Input material ::
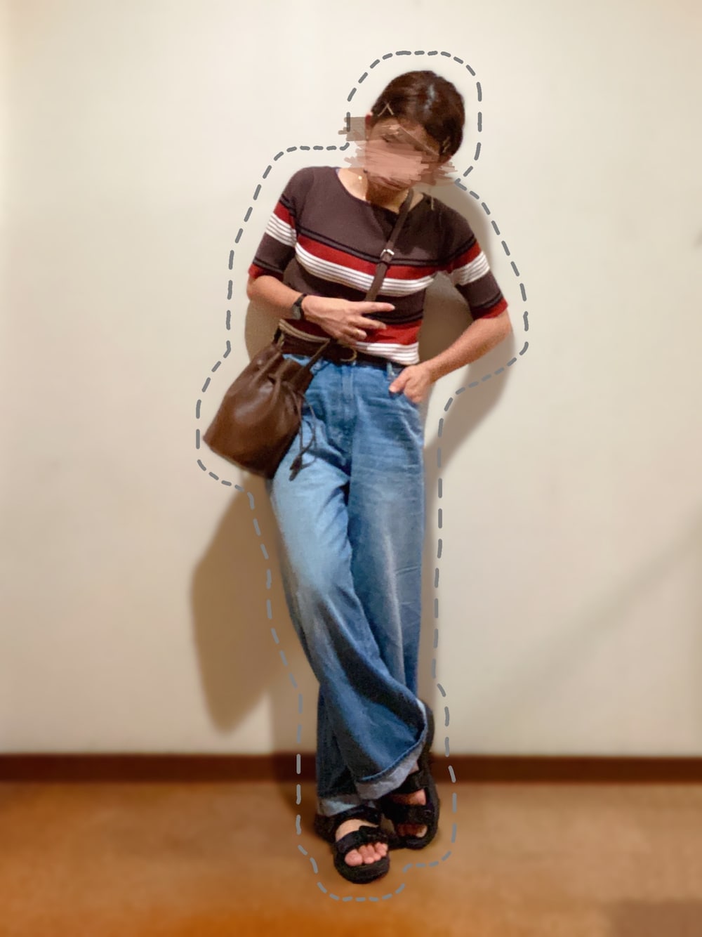 ボーダーリブニット×ワイドのデニムパンツ合わせ♡ 定番スタイルかな、うん🤔 このパンツのダルっとしたゆるいシルエットがお気に入り🥳 実は全身驚異のプチプラ😂w
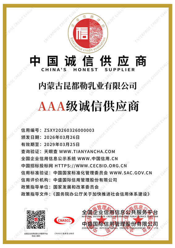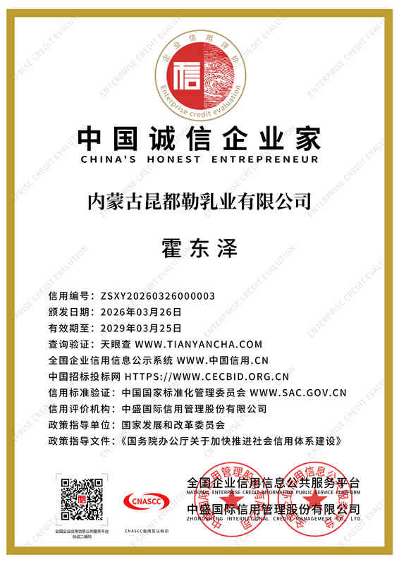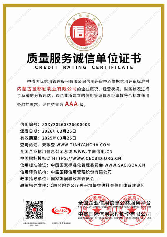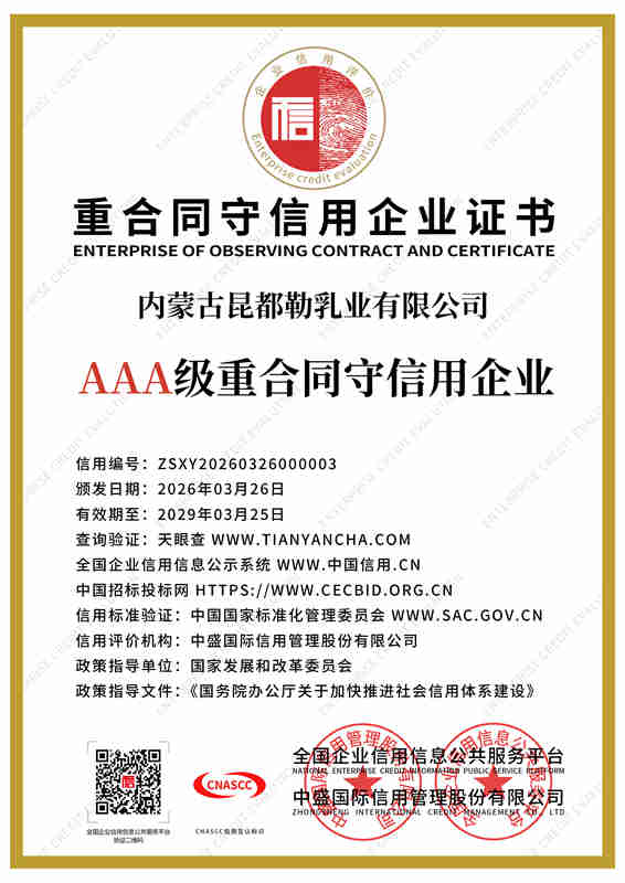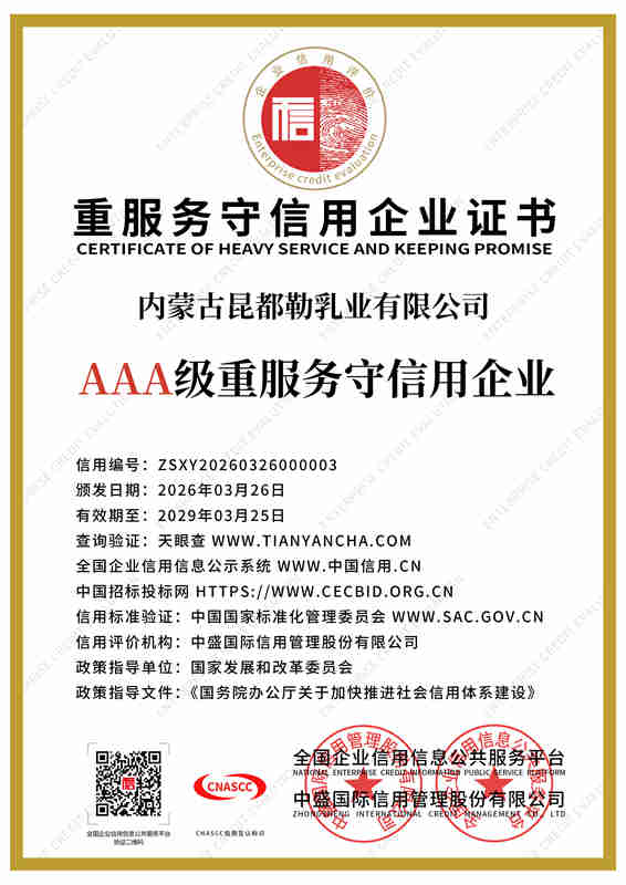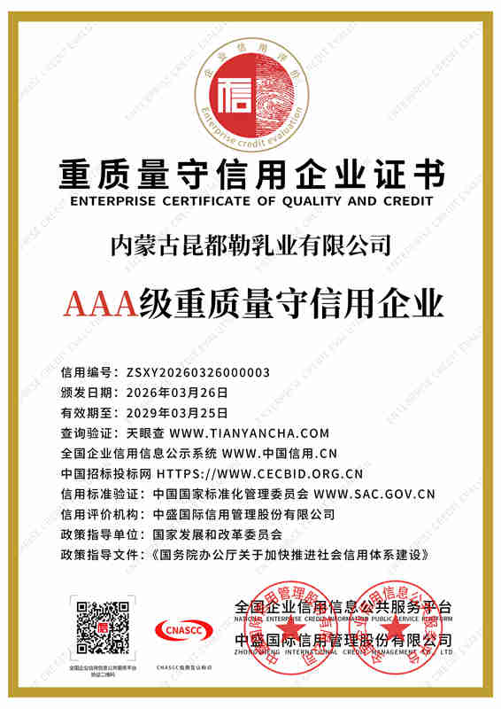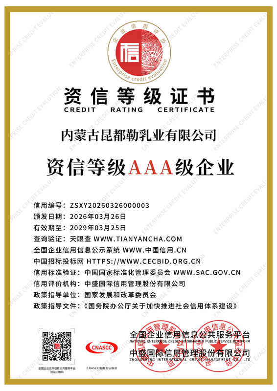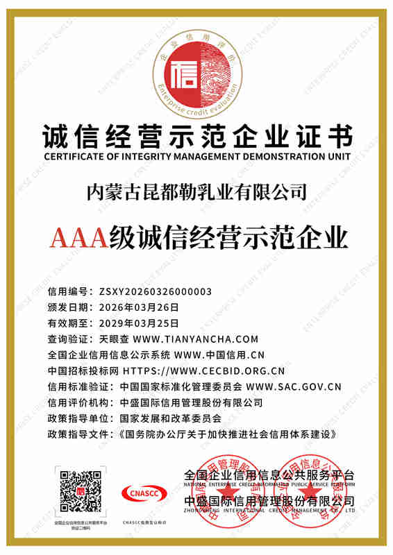 内蒙古昆都勒乳业有限公司成立于2024年,坐落于内蒙古赤峰市红山区,是一家专注牛奶制品研发、生产与销售的现代化食品企业 。公司依托内蒙古优质奶源带优势,精选原生牧场奶源,采用先进工艺与严格品控,打造高品质乳制品。核心产品涵盖纯牛奶、酸奶、奶酪、A2β-酪蛋白牛奶、活性硒牛奶及乳饮料等全品类牛奶制品。公司坚守“品质为先、营养至上”理念,聚焦健康乳品,为消费者提供安全、新鲜、高营养的奶制品,致力成为值得信赖的区域乳业品牌。
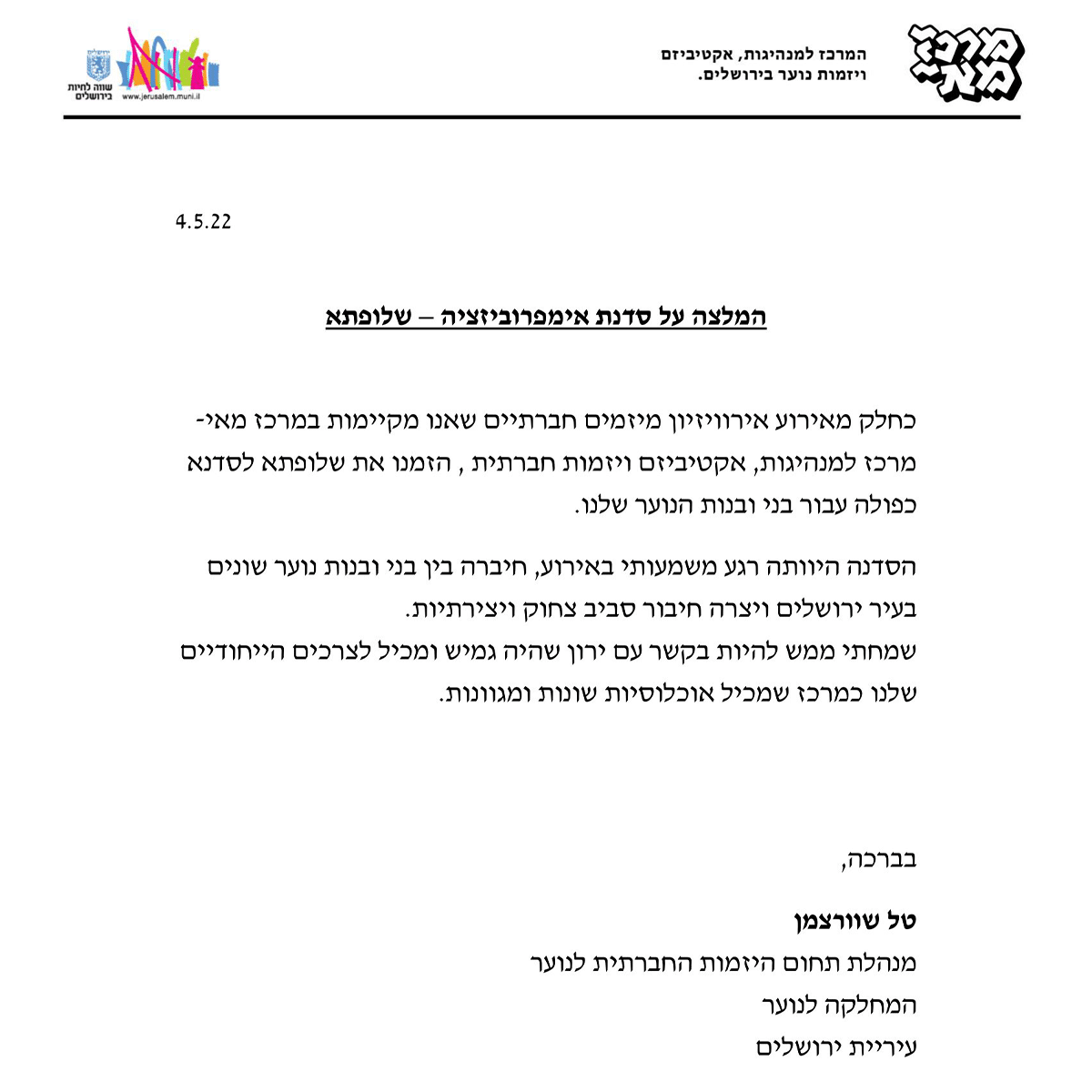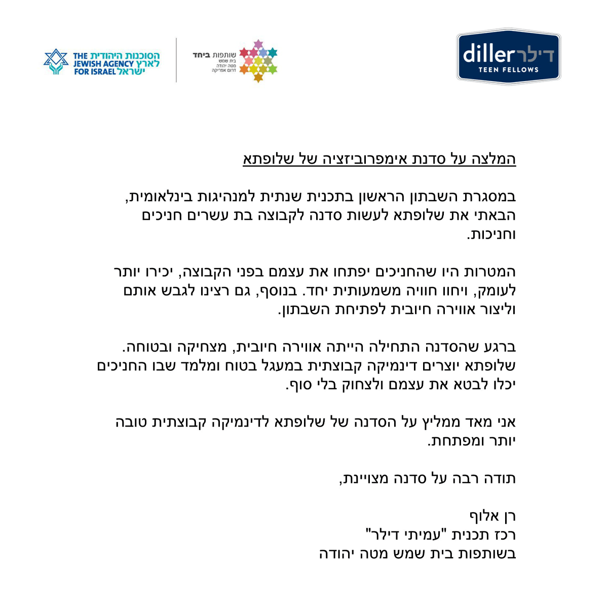 בסדנה נעסוק בעקרון ה"כן ו…" ונלמד איך אפשר ליישם אותו גם בחיים האישיים – איך לקבל רעיונות חדשים, לשתף פעולה עם אחרים בצורה פתוחה ומכילה, ולבנות דינמיקה קבוצתית בריאה.
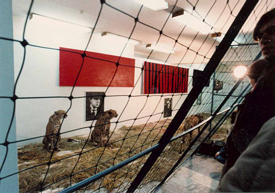 © osmopolis.ru Анатолий Осмоловский. «Леопарды врываются в храм», инсталляция, 1992 Жиляев: Мне кажется, что интерпретацию музея как нейтрализующей институции можно уподобить тому, что называется буржуазной революцией в марксизме. Я абсолютно не верю в магию некой «реальной / не нейтральной жизни», которая существует за пределами музея, мастерской, где произведение искусства обладает истинной силой. И, как мне кажется, музей даже в своем «нейтрализующем», так скажем, буржуазном формате выступает как очень мощный разрушитель, в нем очень силен нигилистический импульс. Ведь это именно музей вырывает искусство из церкви, из уютной «буржуазной» повседневности. Но говорить о музее на таком уровне сегодня недостаточно.
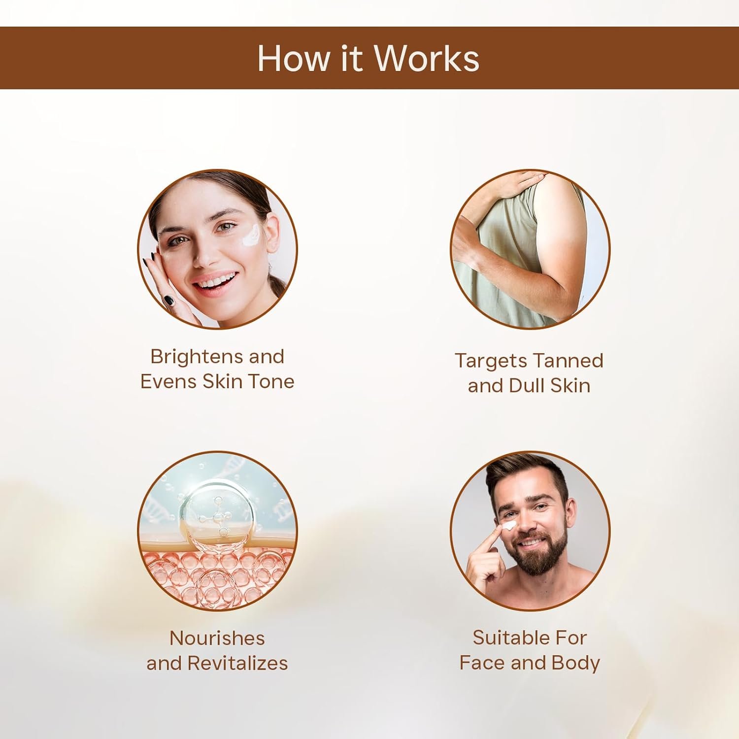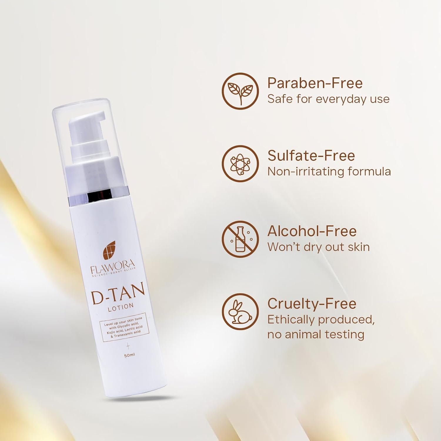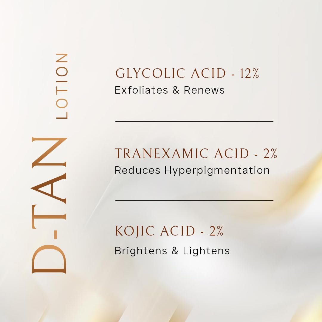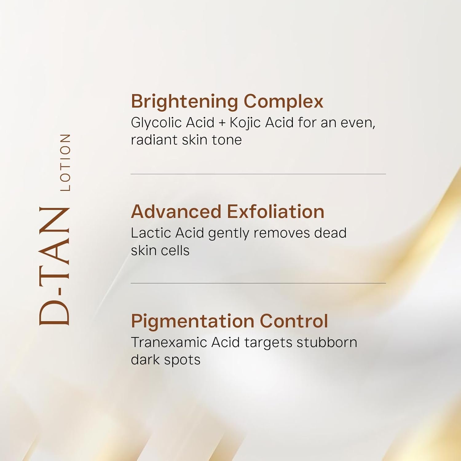 - Powerful D-Tan Formula – Infused with Glycolic, Kojic, Lactic, and Tranexamic Acids, this lotion reduces tanning, pigmentation, and discoloration while restoring skin’s natural brightness and clarity with consistent daily use.
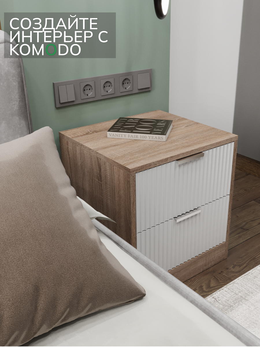 Тумба прикроватная без ручек KOMODO Дуб Крафт Белый/Железный камень, 2 ящика, 47х40х48
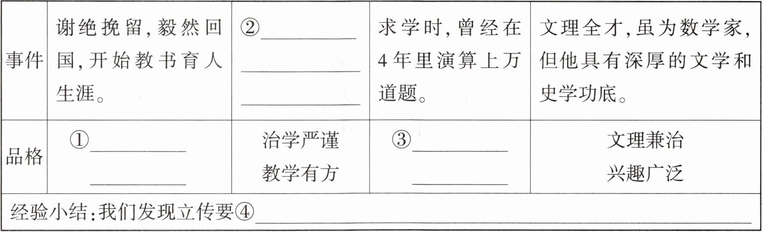 | 事件 | 谢绝挽留,毅然回国,开始教书育人 生涯。 | ②______ | 求学时,曾经在 4 年里演算上万道题。 | 文理全才,虽为数学家,但他具有深厚的文学和史学功底。 |
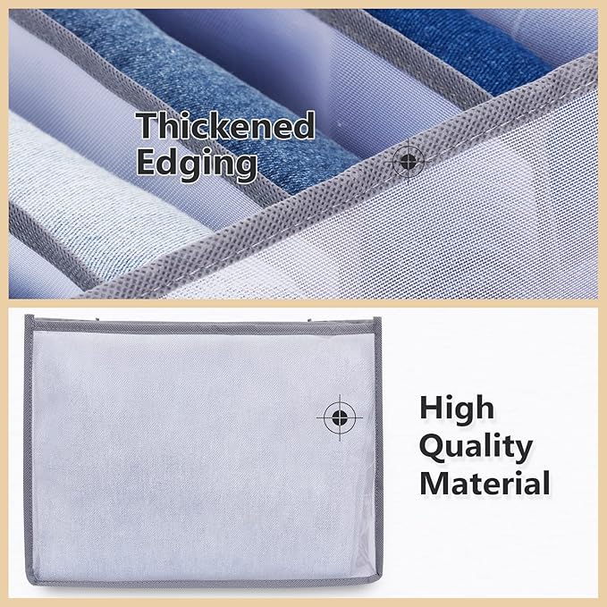 - Widely Used: This organizer clothes is very suitable for storing jeans, leggings, skirts, T-shirts, baby or kids clothes, pet clothes, underwear, socks or other items. You can use it for storage in wardrobes, drawers, dressing tables, bed bottoms, etc. There are 7 or 9 grids for sorting and organizing your belongings and it keeps your living space organized
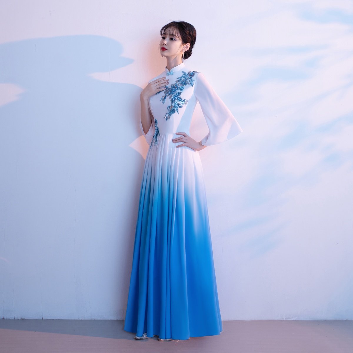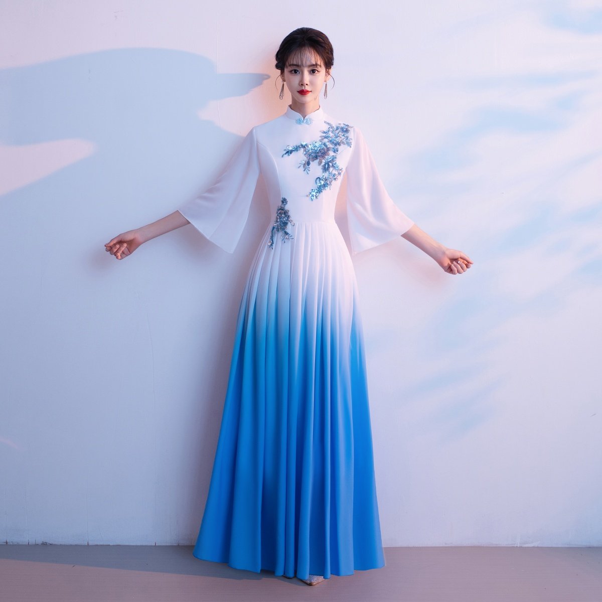 大合唱团演出服女长裙成人古筝演奏琵琶二胡表演服中国风艺考礼服
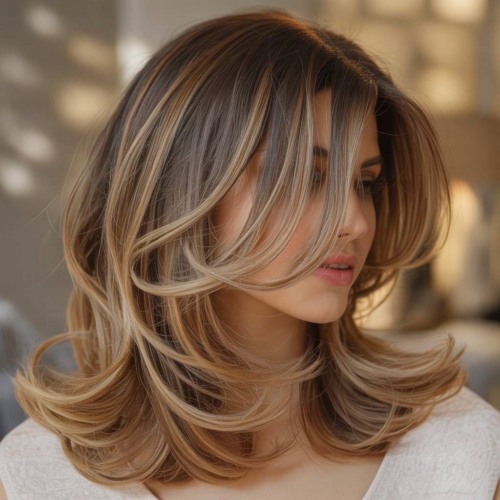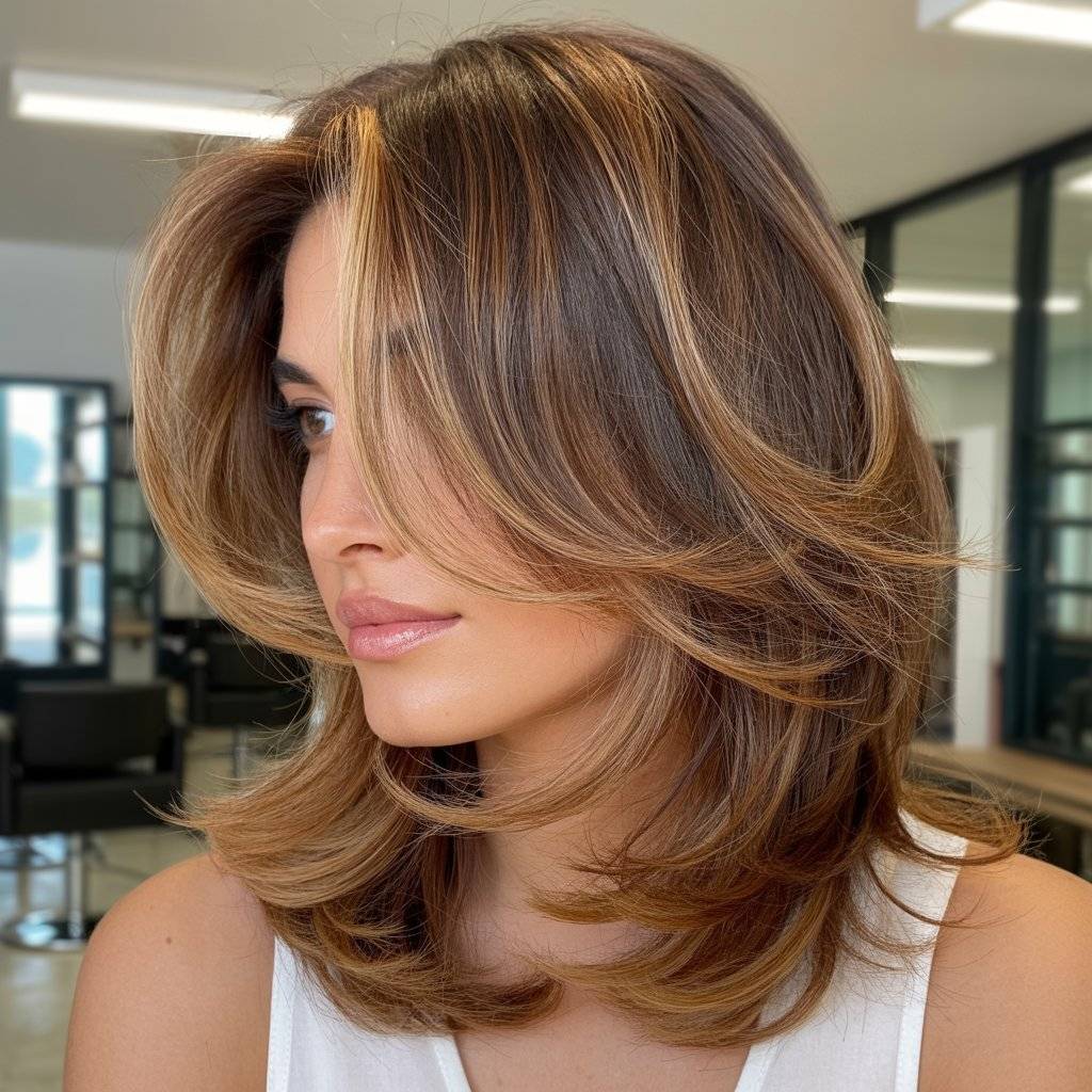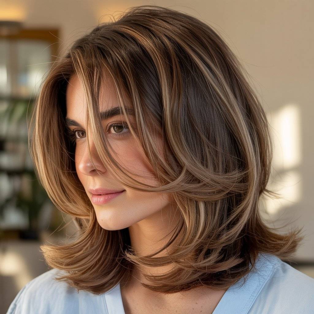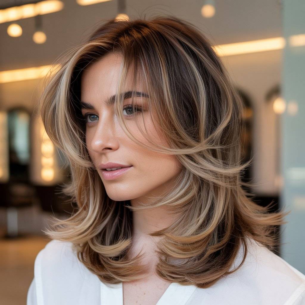 Adding a few highlights along the feathered edges brightens the face and gives a modern touch. It’s practical for medium-length hair and works well whether your hair is thick or fine. This style looks effortless but polished, perfect for everyday life or special occasions.

Exercise aim :: What you return should match the entries word for word, pictures aside.

Reply ::
 ボーダーリブニット×ワイドのデニムパンツ合わせ♡ 定番スタイルかな、うん🤔 このパンツのダルっとしたゆるいシルエットがお気に入り🥳 実は全身驚異のプチプラ😂w
 内蒙古昆都勒乳业有限公司成立于2024年,坐落于内蒙古赤峰市红山区,是一家专注牛奶制品研发、生产与销售的现代化食品企业 。公司依托内蒙古优质奶源带优势,精选原生牧场奶源,采用先进工艺与严格品控,打造高品质乳制品。核心产品涵盖纯牛奶、酸奶、奶酪、A2β-酪蛋白牛奶、活性硒牛奶及乳饮料等全品类牛奶制品。公司坚守“品质为先、营养至上”理念,聚焦健康乳品,为消费者提供安全、新鲜、高营养的奶制品,致力成为值得信赖的区域乳业品牌。
 בסדנה נעסוק בעקרון ה"כן ו…" ונלמד איך אפשר ליישם אותו גם בחיים האישיים – איך לקבל רעיונות חדשים, לשתף פעולה עם אחרים בצורה פתוחה ומכילה, ולבנות דינמיקה קבוצתית בריאה.
 © osmopolis.ru Анатолий Осмоловский. «Леопарды врываются в храм», инсталляция, 1992 Жиляев: Мне кажется, что интерпретацию музея как нейтрализующей институции можно уподобить тому, что называется буржуазной революцией в марксизме. Я абсолютно не верю в магию некой «реальной / не нейтральной жизни», которая существует за пределами музея, мастерской, где произведение искусства обладает истинной силой. И, как мне кажется, музей даже в своем «нейтрализующем», так скажем, буржуазном формате выступает как очень мощный разрушитель, в нем очень силен нигилистический импульс. Ведь это именно музей вырывает искусство из церкви, из уютной «буржуазной» повседневности. Но говорить о музее на таком уровне сегодня недостаточно.
 - Powerful D-Tan Formula – Infused with Glycolic, Kojic, Lactic, and Tranexamic Acids, this lotion reduces tanning, pigmentation, and discoloration while restoring skin’s natural brightness and clarity with consistent daily use.
 Тумба прикроватная без ручек KOMODO Дуб Крафт Белый/Железный камень, 2 ящика, 47х40х48
 | 事件 | 谢绝挽留,毅然回国,开始教书育人 生涯。 | ②______ | 求学时,曾经在 4 年里演算上万道题。 | 文理全才,虽为数学家,但他具有深厚的文学和史学功底。 |
 - Widely Used: This organizer clothes is very suitable for storing jeans, leggings, skirts, T-shirts, baby or kids clothes, pet clothes, underwear, socks or other items. You can use it for storage in wardrobes, drawers, dressing tables, bed bottoms, etc. There are 7 or 9 grids for sorting and organizing your belongings and it keeps your living space organized
 大合唱团演出服女长裙成人古筝演奏琵琶二胡表演服中国风艺考礼服
 Adding a few highlights along the feathered edges brightens the face and gives a modern touch. It’s practical for medium-length hair and works well whether your hair is thick or fine. This style looks effortless but polished, perfect for everyday life or special occasions.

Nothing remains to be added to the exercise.